Os técnicos avaliaram que, apesar dos problemas, a empreiteira fazia ensaios próprios sobre a qualidade do material colocado, seguindo as normas de controle previstas. Em nota, a Dimensional Engenharia, que executa as obras, discordou das observações do TCM em relação à comparação dos serviços que executa hoje com intervenções mais antigas, feitas por outras empresas. “A Dimensional questiona a metodologia e a representatividade da amostragem analisada pelo relatório”, diz a nota. “Além disso, todo o processo de trabalho da empresa é checado por equipamentos laboratoriais de ponta, aferidos pelo Inmetro”, concluiu.

Relatório sob análise
Também por nota, a Seconserva informou que o relatório do TCM está sob análise da equipe da Coordenação de Tecnologia e Pavimentação “a fim de que os pontos da auditoria sejam respondidos e as oportunidades de melhoria sejam atendidas no que couber”. A secretaria acrescentou que supervisiona a execução dos serviços e que, após a inspeção do TCM, a Mário Ribeiro recebeu uma segunda camada de asfalto.

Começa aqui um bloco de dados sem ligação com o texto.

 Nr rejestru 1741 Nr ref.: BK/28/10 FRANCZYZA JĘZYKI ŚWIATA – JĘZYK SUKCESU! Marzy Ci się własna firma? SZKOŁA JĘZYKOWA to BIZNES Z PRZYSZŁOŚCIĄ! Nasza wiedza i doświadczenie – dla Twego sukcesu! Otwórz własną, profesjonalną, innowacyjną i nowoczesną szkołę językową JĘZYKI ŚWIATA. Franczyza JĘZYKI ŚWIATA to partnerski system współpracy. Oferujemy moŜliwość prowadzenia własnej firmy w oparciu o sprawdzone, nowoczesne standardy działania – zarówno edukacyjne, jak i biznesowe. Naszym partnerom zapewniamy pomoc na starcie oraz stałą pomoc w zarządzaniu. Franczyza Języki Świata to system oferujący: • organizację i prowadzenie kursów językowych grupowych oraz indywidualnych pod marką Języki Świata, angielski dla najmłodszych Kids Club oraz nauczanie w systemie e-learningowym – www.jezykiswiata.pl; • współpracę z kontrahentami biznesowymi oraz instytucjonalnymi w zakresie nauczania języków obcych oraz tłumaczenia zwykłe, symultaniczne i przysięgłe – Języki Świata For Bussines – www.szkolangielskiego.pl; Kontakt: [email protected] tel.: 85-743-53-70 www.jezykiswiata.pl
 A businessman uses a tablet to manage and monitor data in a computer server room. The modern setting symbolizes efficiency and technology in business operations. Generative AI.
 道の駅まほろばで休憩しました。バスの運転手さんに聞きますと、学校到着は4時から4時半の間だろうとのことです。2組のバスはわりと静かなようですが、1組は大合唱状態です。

Os problemas na qualidade dos serviços não surpreendem o engenheiro Luiz Carneiro de Oliveira, coordenador da Câmara Especializada de Engenharia Civil do Conselho Regional de Engenharia (Crea).

— Se o asfalto não dura como o esperado, é porque há falhas na fiscalização do contrato de execução das obras por parte da prefeitura. Um problema que temos visto é que, se o solo não for bem compactado, os defeitos logo tendem a aparecer, porque as vias não comportam o peso dos veículos — disse Luiz Carneiro.

O presidente do Instituto Brasileiro de Perícias de Engenharia (IBPE), Clémenceau Chiabi Saliba Júnior, observa que alguns cuidados devem ser tomados em especial na medição da temperatura da massa asfáltica antes da colocação no solo:

— O ideal é fazer medições da temperatura pouco antes da aplicação. E, caso os defeitos só sejam identificados tempos depois da execução da intervenção, é até difícil indicar um responsável pelo problema.

Em nota, a Dimensional Engenharia informou que é responsável apenas pela Rua Mário Ribeiro e questionou a metodologia e representatividade da amostragem analisada no relatório. A empresa ressaltou que, na conclusão do próprio TCM, o tribunal observa que a Dimensional segue os controles tecnológicos preconizados na norma, que a suposta não conformidade se aproxima dos limites da norma e que os ensaios realizados pela empresa atendem a norma. E empresa diz que não concorda com o diagnóstico da irrelevante “não-conformidade”. Além disso, todo o processo de trabalho da empresa é checado por equipamentos laboratoriais de ponta, aferidos pelo Inmetro.